(What the task asks)
Give the data again exactly, without its images.

Supplied records below:

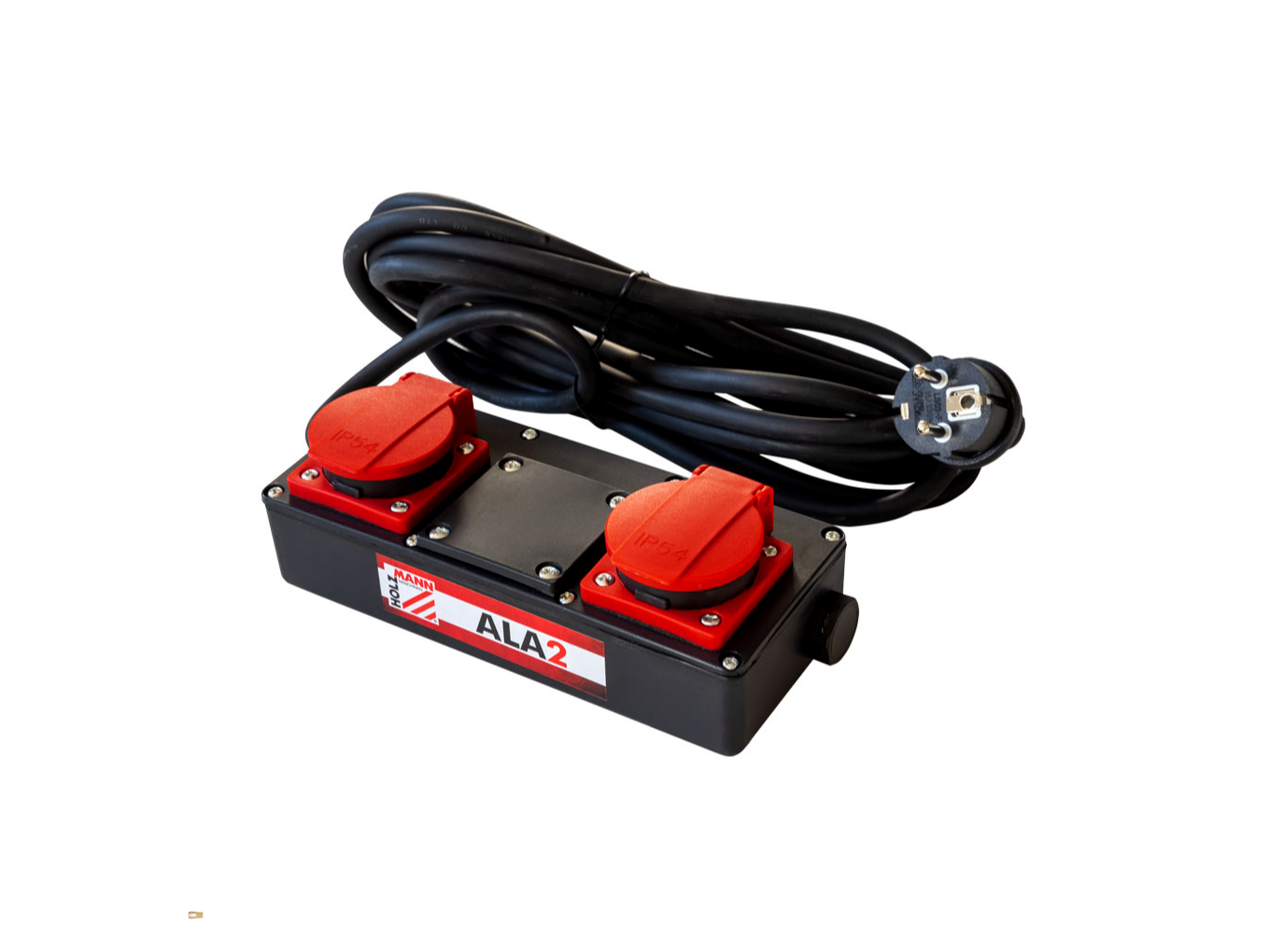 Holzmann ALA2 230V Kompakt Műhely Elosztódoboz 2 aljzatos - Fekete/Piros
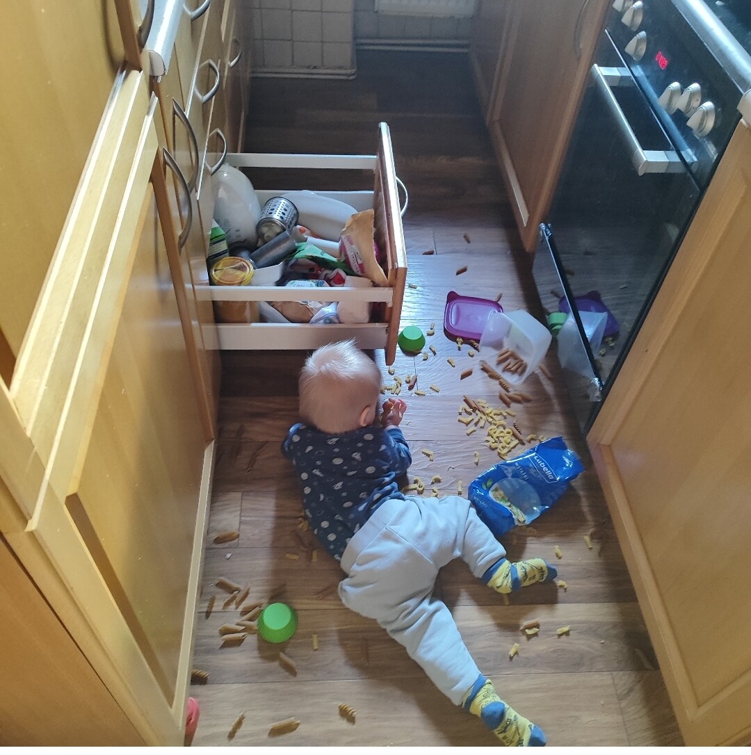 Przywiązane zabawki do sznurka i zachęcenie dzieciaczka żeby za nim raczkowało, budowanie wieży i pozwalanie żeby dziecko je burzyło, naklejanie kolorowych kartek na ścianę czy mebel i zachęcenie dziecka żeby je odklejało, przygotowanie miski z wodą i wrzucenie do nich kulek, albo z piaskiem i powrzucanie do nich różnych zwierzątek, zabawy z tablicą manipulacyjną czy po prostu czytanie dziecku jakiś książeczek i żeby za nami powtarzało jakieś proste słowa.
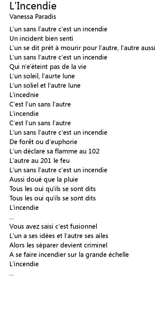 | Song | L'Incendie |
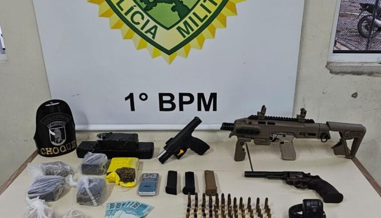 Durante a abordagem, o suspeito foi flagrado portando ilegalmente uma pistola Glock 9mm. Na sequência, as buscas no quarto da pousada resultaram na apreensão de mais armamentos, incluindo outra pistola 9mm, um revólver e um kit Roni — acessório usado para transformar pistolas em submetralhadoras. Também foram encontradas diversas munições e uma quantidade significativa de drogas: mais de dois quilos de maconha e aproximadamente 400 gramas de crack.
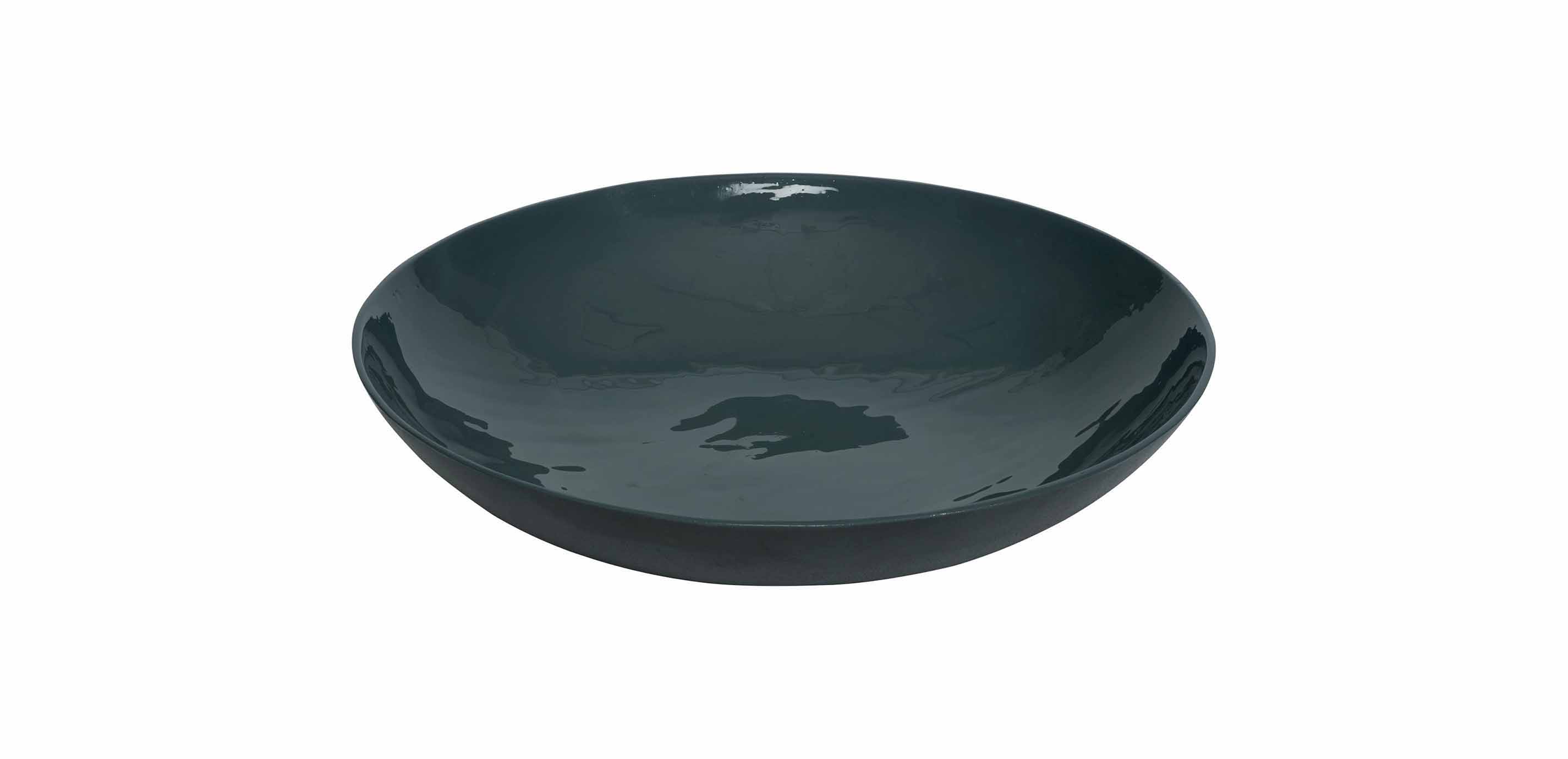 Our Reza lacquered bowl mixes materials in the best possible way: unexpectedly. Each decorative bowl is made from sand-casted aluminum, with a textured, sand-like exterior in a rich charcoal hue. The interior is smoothed out and coated with an enamel-like material that fills it with rich color. (The 18-inch bowl is available in dark teal; the 14-inch bowl in a dusty purple.) After enameling, layers of lacquer are applied for the ultimate in luster, a process that adds a sense of depth to the sleek bowl.

End of Supplied records.

(Your solution)
 Holzmann ALA2 230V Kompakt Műhely Elosztódoboz 2 aljzatos - Fekete/Piros
 Przywiązane zabawki do sznurka i zachęcenie dzieciaczka żeby za nim raczkowało, budowanie wieży i pozwalanie żeby dziecko je burzyło, naklejanie kolorowych kartek na ścianę czy mebel i zachęcenie dziecka żeby je odklejało, przygotowanie miski z wodą i wrzucenie do nich kulek, albo z piaskiem i powrzucanie do nich różnych zwierzątek, zabawy z tablicą manipulacyjną czy po prostu czytanie dziecku jakiś książeczek i żeby za nami powtarzało jakieś proste słowa.
 | Song | L'Incendie |
 Durante a abordagem, o suspeito foi flagrado portando ilegalmente uma pistola Glock 9mm. Na sequência, as buscas no quarto da pousada resultaram na apreensão de mais armamentos, incluindo outra pistola 9mm, um revólver e um kit Roni — acessório usado para transformar pistolas em submetralhadoras. Também foram encontradas diversas munições e uma quantidade significativa de drogas: mais de dois quilos de maconha e aproximadamente 400 gramas de crack.
 Our Reza lacquered bowl mixes materials in the best possible way: unexpectedly. Each decorative bowl is made from sand-casted aluminum, with a textured, sand-like exterior in a rich charcoal hue. The interior is smoothed out and coated with an enamel-like material that fills it with rich color. (The 18-inch bowl is available in dark teal; the 14-inch bowl in a dusty purple.) After enameling, layers of lacquer are applied for the ultimate in luster, a process that adds a sense of depth to the sleek bowl.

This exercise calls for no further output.